** Exercise materials follows **

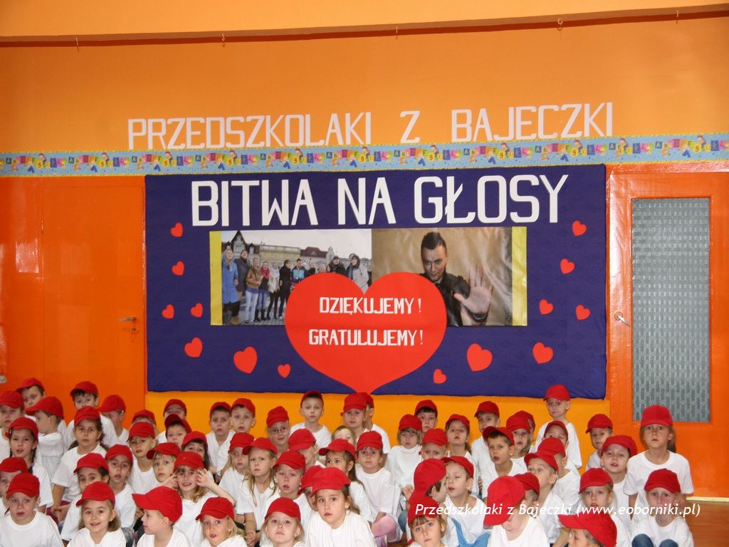 Blisko 80 dzieci zaśpiewało utwór "Czyste Szaleństwo" Libera i grupy "InoRos" wykonując przy tym specjalną choreografię. Serdeczne podziękowania w imieniu wszystkich złożyła szóstka przedszkolaków z grupy "Zajączki": Ola, Kornelia, Miłka, Marysia, Tobiasz i Nikodem.
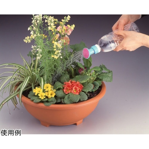ペットボトルに取り付けることで園芸用じょうろになります。ベランダ、テラスなどのミニ花壇の散水に便利です。レジャー、キャンプ、海水浴などにも便利です。 |
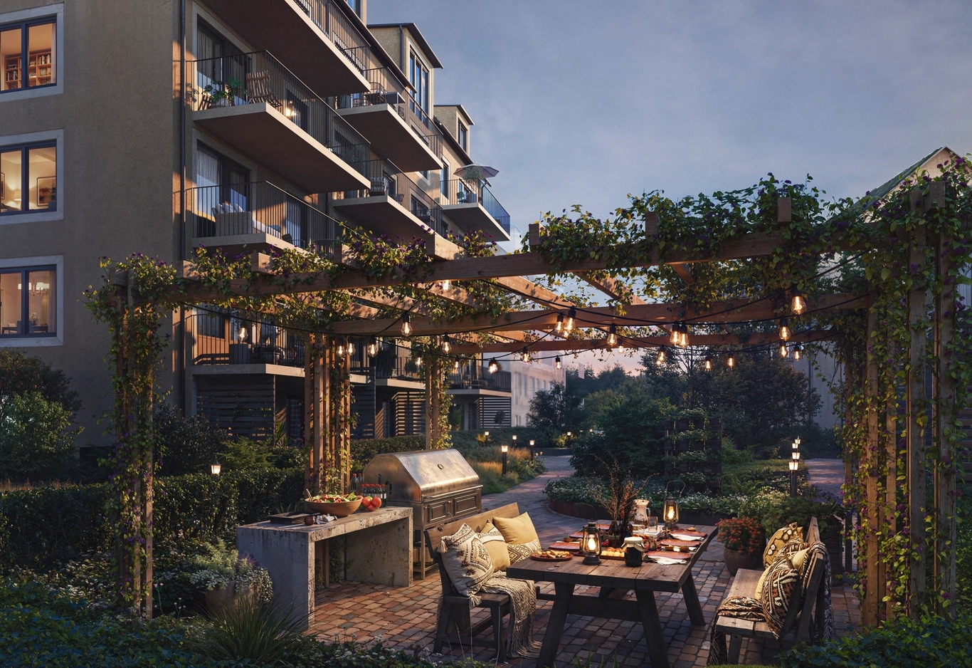 Tillsammans skapar planlösningarna, materialvalen och gårdsmiljön en känsla av att bo på en plats där livet får vara enkelt. Där det är nära till naturen och nära till det som gör vardagen lite lättare och mycket mer meningsfull.
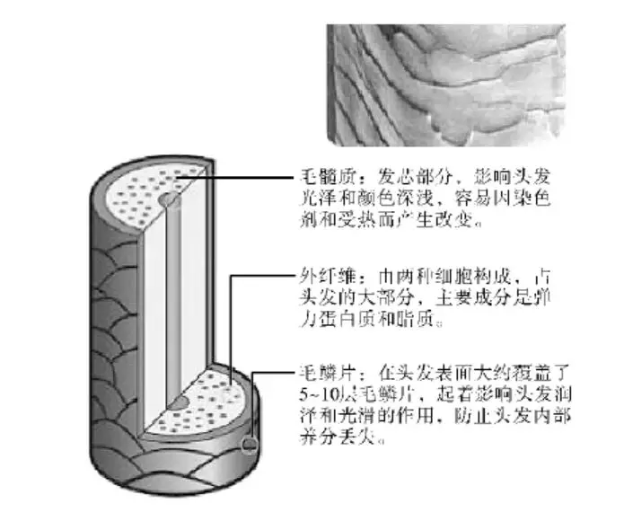 头发由毛杆和毛囊两部分组成。毛杆由内向外分为三部分:毛髓质( medulla ),毛皮质( cortex )和毛鳞片(cuticle)。毛髓质,处于头发的最内层,由互相分离的透明多角形化细胞组成,支撑头发韧性和强度;毛皮质,是毛发最主要的组成部分,由纤维状的皮质细胞组成,含有大量自然色素粒子来显示出头发的原色,它决定了头发的弹性、曲度、拉伸强度和颜色;毛鳞片,也可以称为毛小皮,分布于头发的最外层,成鳞片状由发根排列至发尾,起?;ぷ饔?,头发的粗硬、光泽也取决于本层,遇到温水及碱性物质会膨胀张开。
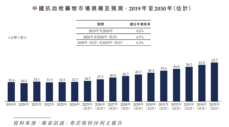 2024年,中国抗血栓药物市场规模达到人民币327亿元。估计中国抗血栓药物市场将于2030年增至人民币484亿元,并于2035年增至人民币657亿元,2024年至2030年的复合年增长率为6.7%,2030年至2035年的复合年增长率为6.3%。
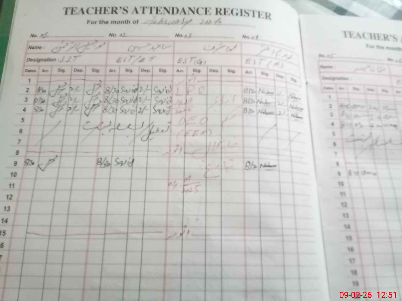 | Name: MJA**** URRE**** Designation: (School Headmaster's/Headmistress's) S.S.T.(G) Phone/Cell Number: 03**** |
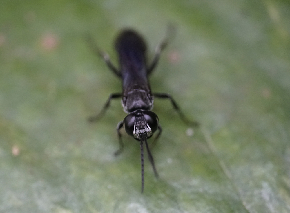 A gorgeous black soldier fly, perhaps genus Hermetia:
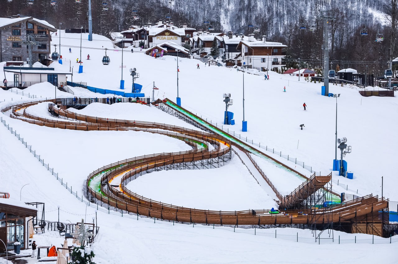 Тюбинг-парк на Роза Хутор включает три параллельные трассы разной сложности.
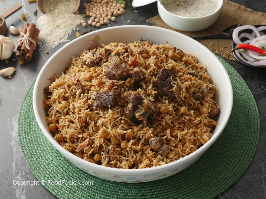 -Now add cooked meat,sprinkle reserved ground spices (1 tsp),cover with kitchen cloth & lid and cook on high flame for 2 minutes to build up steam then steam cook on low flame for 8-10 minutes.
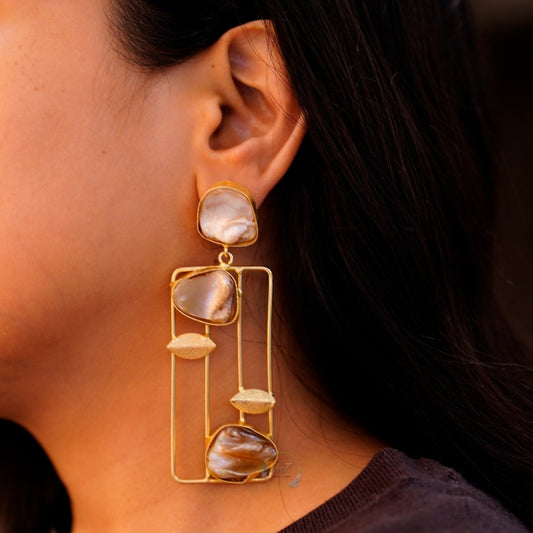 Bold Geometric Statement Earrings for Women – Modern Imitation Jewelry with Pearl Finish and Gold Frame
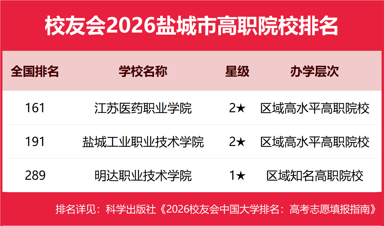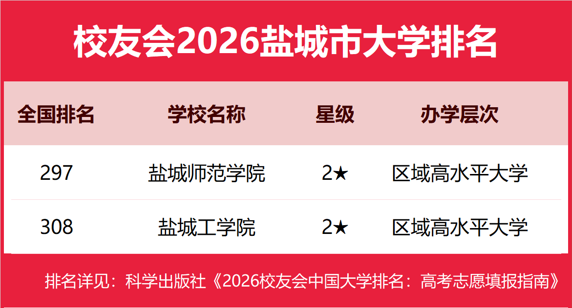 1月12日,全国第三方大学评价机构艾瑞深校友会网(Cuaa.net)正式发布校友会2026中国大学排名、2026盐城市大学排名和2026盐城市高职院校排名等榜单。 北京大学问鼎校友会2026中国大学排名榜首,连续20年蝉联中国大学排名冠军。清华大学第二,中国科学院大学、浙江大学并列第三,南开大学挺进前七。其中,盐城师范学院、江苏医药职业学院分列2026盐城市大学和高职院校排名第一 由艾瑞深研究团队撰写的《2026校友会中国大学排名:高考志愿填报指南》一书将由科学出版社出版发行。 科学出版社《2026校友会中国大学排名:高考志愿填报指南》 校友会2026盐城市大学排名,盐城师范学院第一,盐城工学院前三 在校友会2026中国大学排名中,盐城师范学院全国排名第297名,雄居校友会2026盐城市大学排名第一。盐城工学院第2。 校友会2026盐城市高职院校排名,江苏医药职业学院第一,盐城工业职业技术学院、明达职业技术学院前三 在校友会2026中国高职院校排名中,江苏医药职业学院全国排名第161名,雄居校友会2026盐城市高职院校排名第一。盐城工业职业技术学院第2,明达职业技术学院第3。 校友会中国大学排名首发于2003年,至今已有24年的历史,已成为具有广泛社会影响力、公信力、参考价值与创新力的中国大学排名领先品牌。 艾瑞深校友会2026中国大学排名评价指标体系由办学层次、思政教育、教学质量、高层次人才、杰出校友、学科专业、科研基地、科研项目、科研成果、社会服务、社会声誉和国际影响力等12大一级指标组成。 |
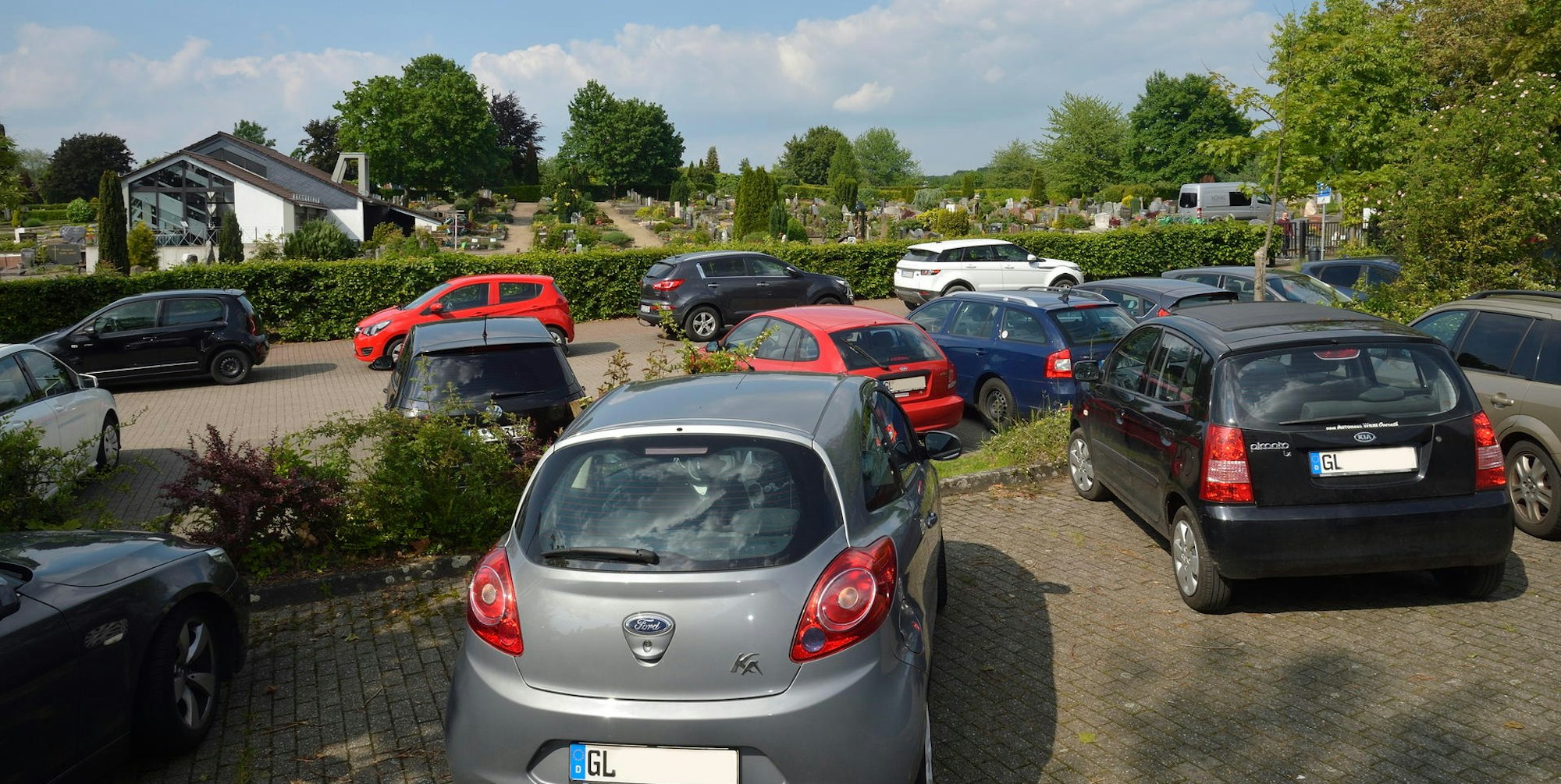 Parkende Autos vor dem Friedhof in Paffrath
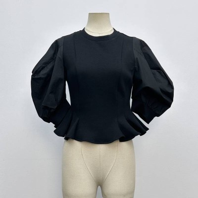 Black Waist-cinching Puff Sleeve Cropped Top Round Neck Ruffled Hem Slim Fit Top
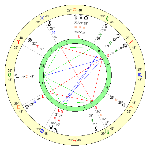 | Neptune | 5 Leo 21 | 28 Pisces 12 | 4 Leo 46 |
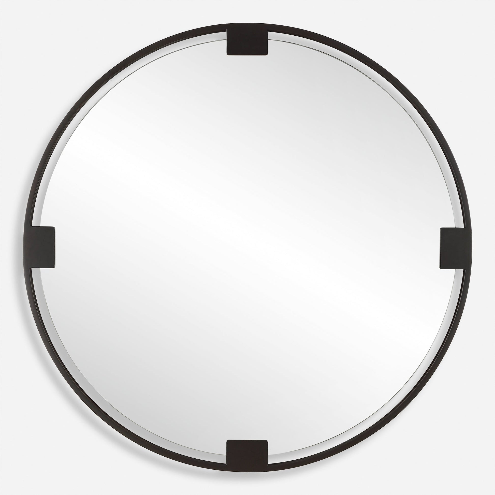 This Round Mirror Is Crafted With A Hefty Dark Bronze Iron Frame, Adorned With Matching Bands That Suspend A Polished Edge Mirror For A Look That Exudes A Timeless Charm That Complements Any Decor Style.
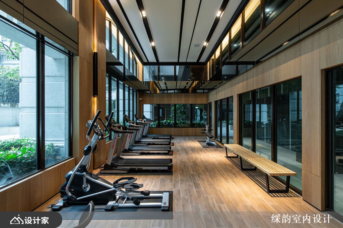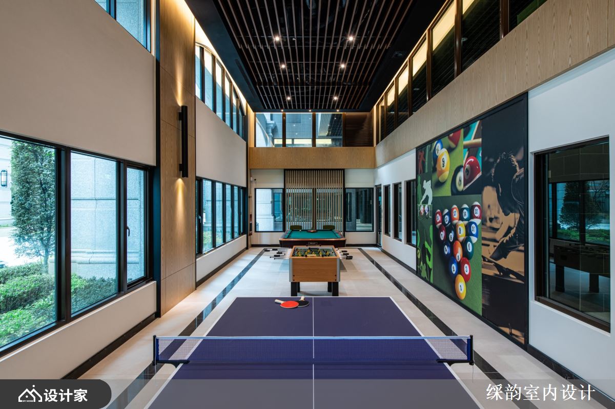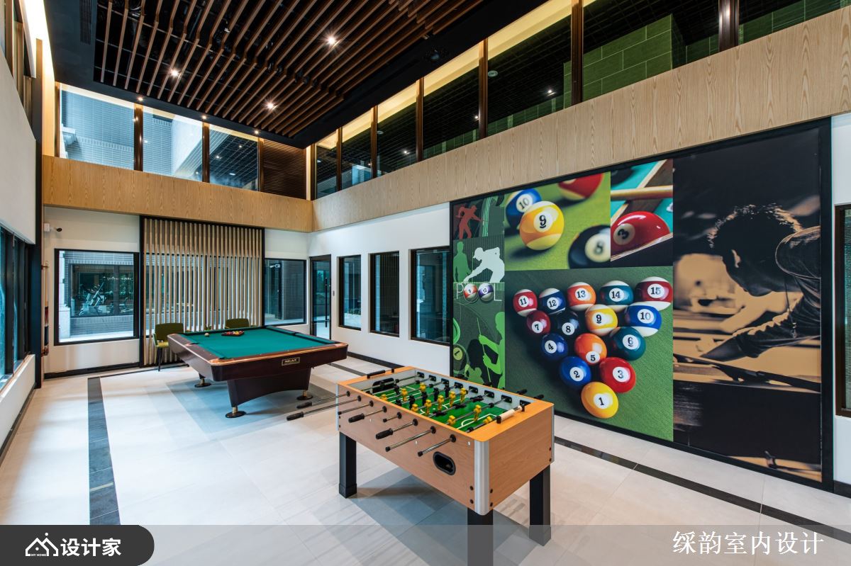 向内穿梭至台球间与健身中心,大面积的暖木质调布满天地壁,格栅天花板伴随灯光向下延展至墙面造型,创造动中有静的沉稳气韵,并依循匀称平稳的视觉安排,以乒乓球桌、台球桌的缤纷色彩拉高空间彩度,让众多居民能够聚集在此处,藉由大汗淋漓的运动竞技,享受邻里和睦的关怀情操。

** End of Exercise materials **

• Exercise brief
Output the records above unchanged, minus their pictures.

• Output of the task
 Blisko 80 dzieci zaśpiewało utwór "Czyste Szaleństwo" Libera i grupy "InoRos" wykonując przy tym specjalną choreografię. Serdeczne podziękowania w imieniu wszystkich złożyła szóstka przedszkolaków z grupy "Zajączki": Ola, Kornelia, Miłka, Marysia, Tobiasz i Nikodem.
ペットボトルに取り付けることで園芸用じょうろになります。ベランダ、テラスなどのミニ花壇の散水に便利です。レジャー、キャンプ、海水浴などにも便利です。 |
 Tillsammans skapar planlösningarna, materialvalen och gårdsmiljön en känsla av att bo på en plats där livet får vara enkelt. Där det är nära till naturen och nära till det som gör vardagen lite lättare och mycket mer meningsfull.
 头发由毛杆和毛囊两部分组成。毛杆由内向外分为三部分:毛髓质( medulla ),毛皮质( cortex )和毛鳞片(cuticle)。毛髓质,处于头发的最内层,由互相分离的透明多角形化细胞组成,支撑头发韧性和强度;毛皮质,是毛发最主要的组成部分,由纤维状的皮质细胞组成,含有大量自然色素粒子来显示出头发的原色,它决定了头发的弹性、曲度、拉伸强度和颜色;毛鳞片,也可以称为毛小皮,分布于头发的最外层,成鳞片状由发根排列至发尾,起?;ぷ饔?,头发的粗硬、光泽也取决于本层,遇到温水及碱性物质会膨胀张开。
 2024年,中国抗血栓药物市场规模达到人民币327亿元。估计中国抗血栓药物市场将于2030年增至人民币484亿元,并于2035年增至人民币657亿元,2024年至2030年的复合年增长率为6.7%,2030年至2035年的复合年增长率为6.3%。
 | Name: MJA**** URRE**** Designation: (School Headmaster's/Headmistress's) S.S.T.(G) Phone/Cell Number: 03**** |
 A gorgeous black soldier fly, perhaps genus Hermetia:
 Тюбинг-парк на Роза Хутор включает три параллельные трассы разной сложности.
 -Now add cooked meat,sprinkle reserved ground spices (1 tsp),cover with kitchen cloth & lid and cook on high flame for 2 minutes to build up steam then steam cook on low flame for 8-10 minutes.
 Bold Geometric Statement Earrings for Women – Modern Imitation Jewelry with Pearl Finish and Gold Frame
 1月12日,全国第三方大学评价机构艾瑞深校友会网(Cuaa.net)正式发布校友会2026中国大学排名、2026盐城市大学排名和2026盐城市高职院校排名等榜单。 北京大学问鼎校友会2026中国大学排名榜首,连续20年蝉联中国大学排名冠军。清华大学第二,中国科学院大学、浙江大学并列第三,南开大学挺进前七。其中,盐城师范学院、江苏医药职业学院分列2026盐城市大学和高职院校排名第一 由艾瑞深研究团队撰写的《2026校友会中国大学排名:高考志愿填报指南》一书将由科学出版社出版发行。 科学出版社《2026校友会中国大学排名:高考志愿填报指南》 校友会2026盐城市大学排名,盐城师范学院第一,盐城工学院前三 在校友会2026中国大学排名中,盐城师范学院全国排名第297名,雄居校友会2026盐城市大学排名第一。盐城工学院第2。 校友会2026盐城市高职院校排名,江苏医药职业学院第一,盐城工业职业技术学院、明达职业技术学院前三 在校友会2026中国高职院校排名中,江苏医药职业学院全国排名第161名,雄居校友会2026盐城市高职院校排名第一。盐城工业职业技术学院第2,明达职业技术学院第3。 校友会中国大学排名首发于2003年,至今已有24年的历史,已成为具有广泛社会影响力、公信力、参考价值与创新力的中国大学排名领先品牌。 艾瑞深校友会2026中国大学排名评价指标体系由办学层次、思政教育、教学质量、高层次人才、杰出校友、学科专业、科研基地、科研项目、科研成果、社会服务、社会声誉和国际影响力等12大一级指标组成。 |
 Parkende Autos vor dem Friedhof in Paffrath
 Black Waist-cinching Puff Sleeve Cropped Top Round Neck Ruffled Hem Slim Fit Top
 | Neptune | 5 Leo 21 | 28 Pisces 12 | 4 Leo 46 |
 This Round Mirror Is Crafted With A Hefty Dark Bronze Iron Frame, Adorned With Matching Bands That Suspend A Polished Edge Mirror For A Look That Exudes A Timeless Charm That Complements Any Decor Style.
 向内穿梭至台球间与健身中心,大面积的暖木质调布满天地壁,格栅天花板伴随灯光向下延展至墙面造型,创造动中有静的沉稳气韵,并依循匀称平稳的视觉安排,以乒乓球桌、台球桌的缤纷色彩拉高空间彩度,让众多居民能够聚集在此处,藉由大汗淋漓的运动竞技,享受邻里和睦的关怀情操。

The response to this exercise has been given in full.